China’s National Bureau of Statistics recently released its 2Q15 GDP growth figures on July 14. The Chinese economy grew at 7% in 2Q15, higher than analyst expectations of 6.9%. However, the growth rate is much lower than the 9.7% GDP it enjoyed in 1Q11 when coal prices peaked.
However, analysts are questioning the numbers put up by the Chinese authorities because they feel that such growth is not visible in the ground-level activity and other economic indicators. China’s industrial production, which grew by around 15% in 1Q11, grew by only 6.8% in 2Q15. China’s manufacturing Purchasing Manager’s Index (or PMI) is down to 50.2 in 2Q15 from 53.4 in 1Q11. A PMI above 50 indicates expansion while that below 50 indicates contraction.
A bigger worry for met coal producers is the state of Chinese steel industry. For years, China has been the biggest importer and consumer of metallurgical coal. However, Chinese steel industry is battling a slowdown amid a glut in the market.

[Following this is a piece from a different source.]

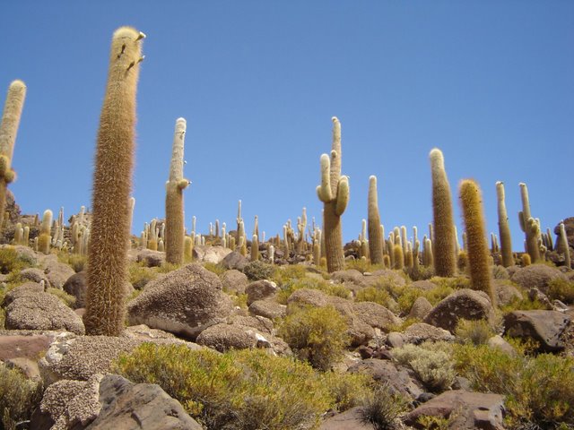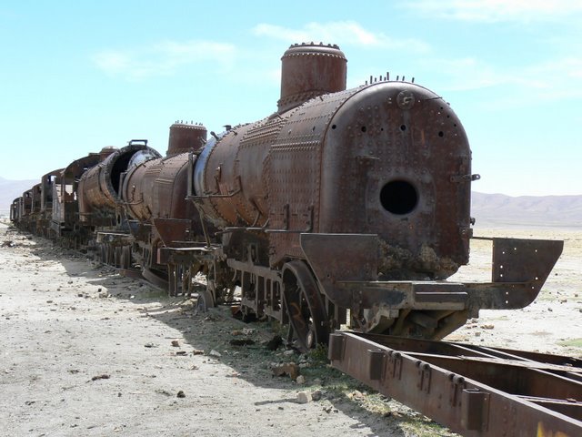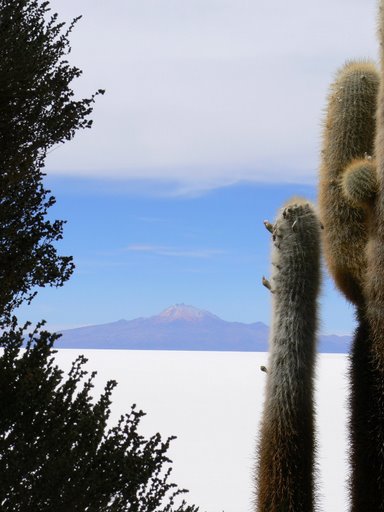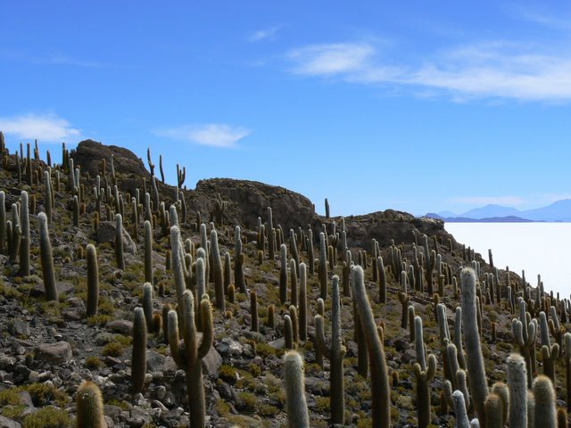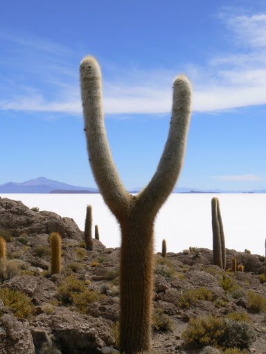 Nous voici enfin partis pour la cerise sur le bateau ; le clou du pestacle bolivien : le circuit du sud-ouest. Cette région est un exceptionnel ensemble de paysages grandioses : de l’aveuglante blancheur du Salar aux lagunes multicolores du Sud Lipez en passant par des foyers d’activité géothermique, bienvenue sur la planète beauté ! Avant de rejoindre le Salar, nous faisons halte au cimetière de trains. De vieilles locos, qui autrefois servaient au transport du minerai, stagnent là, au milieu du désert , le temps de voir passer le train... Nous rencontrons ensuite les habitants du pueblo de Colchani. La grande majorité vit de l’extraction du sel et de son conditionnement, les autres de l’artisanat (figurines en sel...). Nous voici à présent sur le Salar. Plus vaste réserve de sel au monde, le Salar d’Uyuni s’étend sur 12000km² à quelques 3650m d’altitude et le sel atteind par endroit jusque 12m d’épaisseur. Vestige d’un ancien lac évaporé, cette vaste étendue saline est une accumulation de minéraux. Lessivés des montagnes, ils viennent se déposer au point le plus bas. En effet, cette partie de l’Altiplano est endoréique, ce qui signifie que ses cours d’eau se perdent dans les terres, le sel n’est donc pas drainer en aval, vers un cours d’eau plus important et se dépose ainsi peu à peu. Nous profitons du cadre pour faire quelques photos-montage comme le veut la tradition et surtout parce que ça nous amuse beaucoup... La suite du périple nous emmène sur la ravissante Isla Incahuasi. L’île semble flotter sur le Salar. Envahie par de gigantesques cactus dont certains pourraient avoir 1200 ans, elle est entourée par une mer blanche de plaques de sel hexagonales. Il est bien difficile de décrire de tels paysages par des mots. Je vous laisse donc rêver au travers des photos...

China’s steel industry PMI has dropped to 37.4 in June 2015 from 60 in January 2011. China’s steel production has grown by just 1.3% in first six months of 2015 over the same period last year.
Met coal prices
As we discussed earlier, benchmark met coal prices have fallen from $330 a ton in 1Q11 to just $93 a ton in the current quarter. At this price, met coal producers (KOL) across the globe, including Alpha Natural Resources (ANR), Arch Coal (ACI), Rio Tinto (RIO), and Peabody Energy (BTU), are struggling.
The American met coal producers are having the toughest time due to locational issues and the weaker Australian dollar. A weaker Australian dollar puts Australian met coal producers at an advantage because coal exports are priced in US dollars while these producers’ costs are in Australian dollars.